Activity: Would you transcribe the listing that follows word for word, skipping pictures?

Input data:
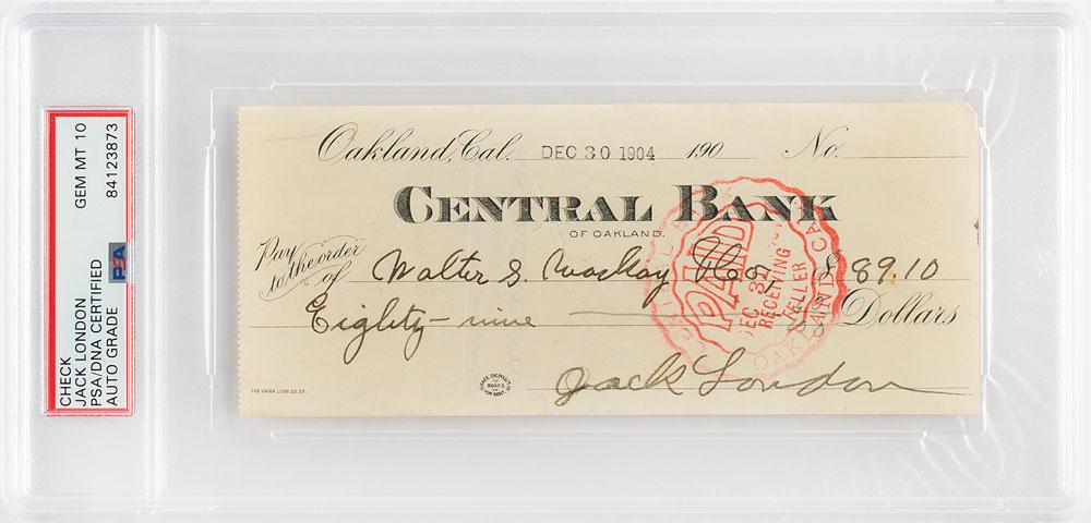 Central Bank of Oakland check, 6.5 x 2.75, filled out and signed by Jack London, payable to Walter S. Mackay & Co. for $89.10, December 30, 1904. In fine condition, with London going over the first letter of his signature. Encapsulated in a plastic PSA/DNA authentication holder, grading the autograph as "GEM MT 10."
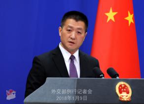 2018年1月9日外交部发言人陆慷主持例行记者会(图片来源:外交部网站)据外交部网站9日消息,针对法国总统马克龙有关一带一路的积极表态,中国外交部发言人陆慷表示,中方欢迎法国及... 2018-01-10 -
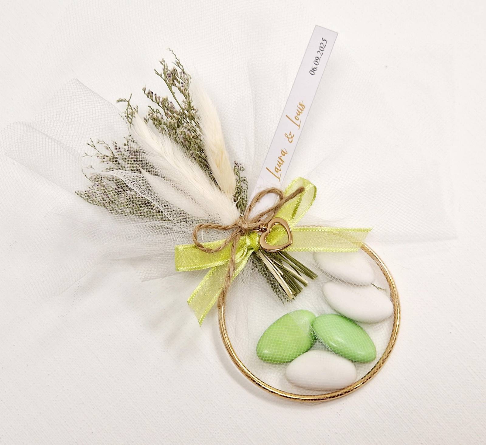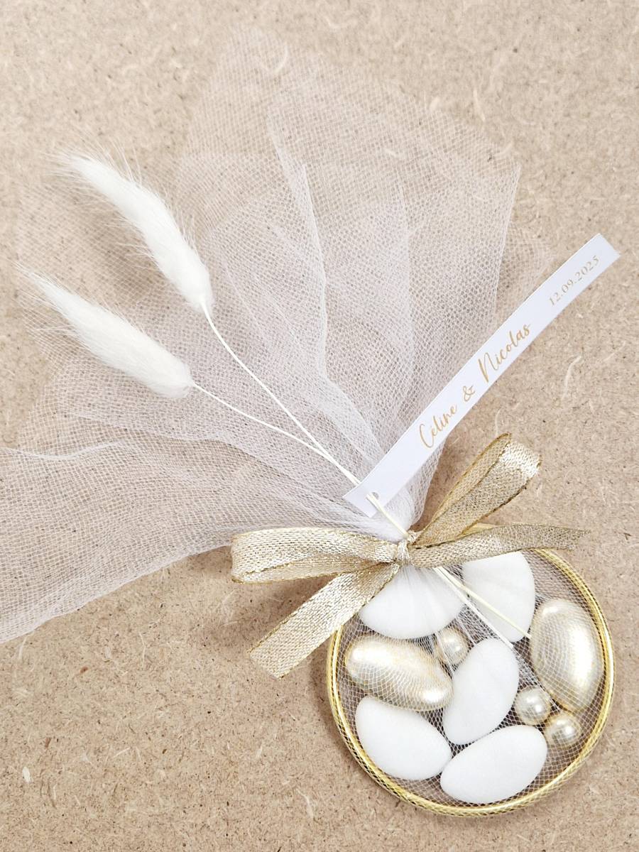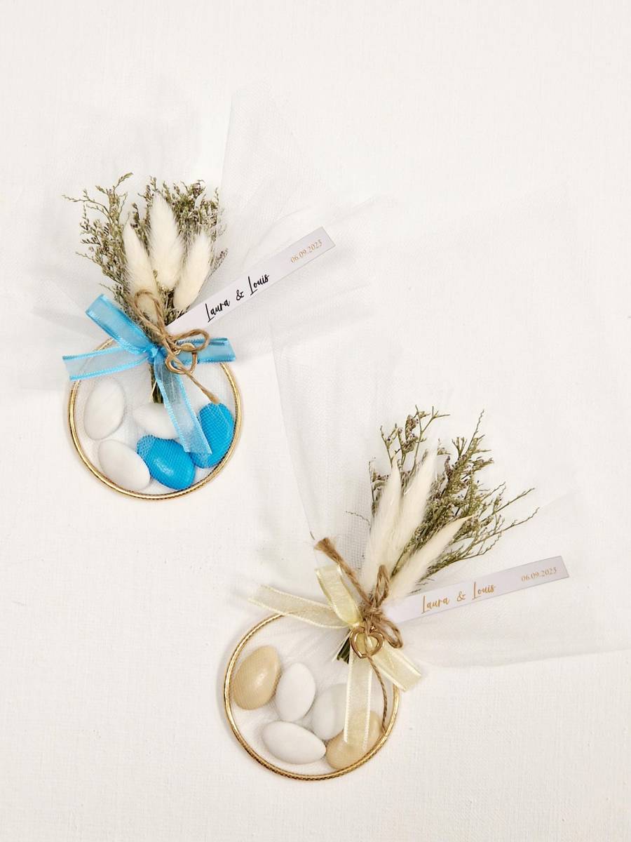 Succombez au charme de l’Anneau de l’Union, un contenant raffiné qui met en valeur vos dragées avec élégance. Composé d’un anneau doré habillé de tulle délicat, orné de fleurs séchées et d’un ruban assorti, il symbolise à la fois l’amour et l’éternité.

Output for this exercise:
 Central Bank of Oakland check, 6.5 x 2.75, filled out and signed by Jack London, payable to Walter S. Mackay & Co. for $89.10, December 30, 1904. In fine condition, with London going over the first letter of his signature. Encapsulated in a plastic PSA/DNA authentication holder, grading the autograph as "GEM MT 10."
 2018年1月9日外交部发言人陆慷主持例行记者会(图片来源:外交部网站)据外交部网站9日消息,针对法国总统马克龙有关一带一路的积极表态,中国外交部发言人陆慷表示,中方欢迎法国及... 2018-01-10 -
 Succombez au charme de l’Anneau de l’Union, un contenant raffiné qui met en valeur vos dragées avec élégance. Composé d’un anneau doré habillé de tulle délicat, orné de fleurs séchées et d’un ruban assorti, il symbolise à la fois l’amour et l’éternité.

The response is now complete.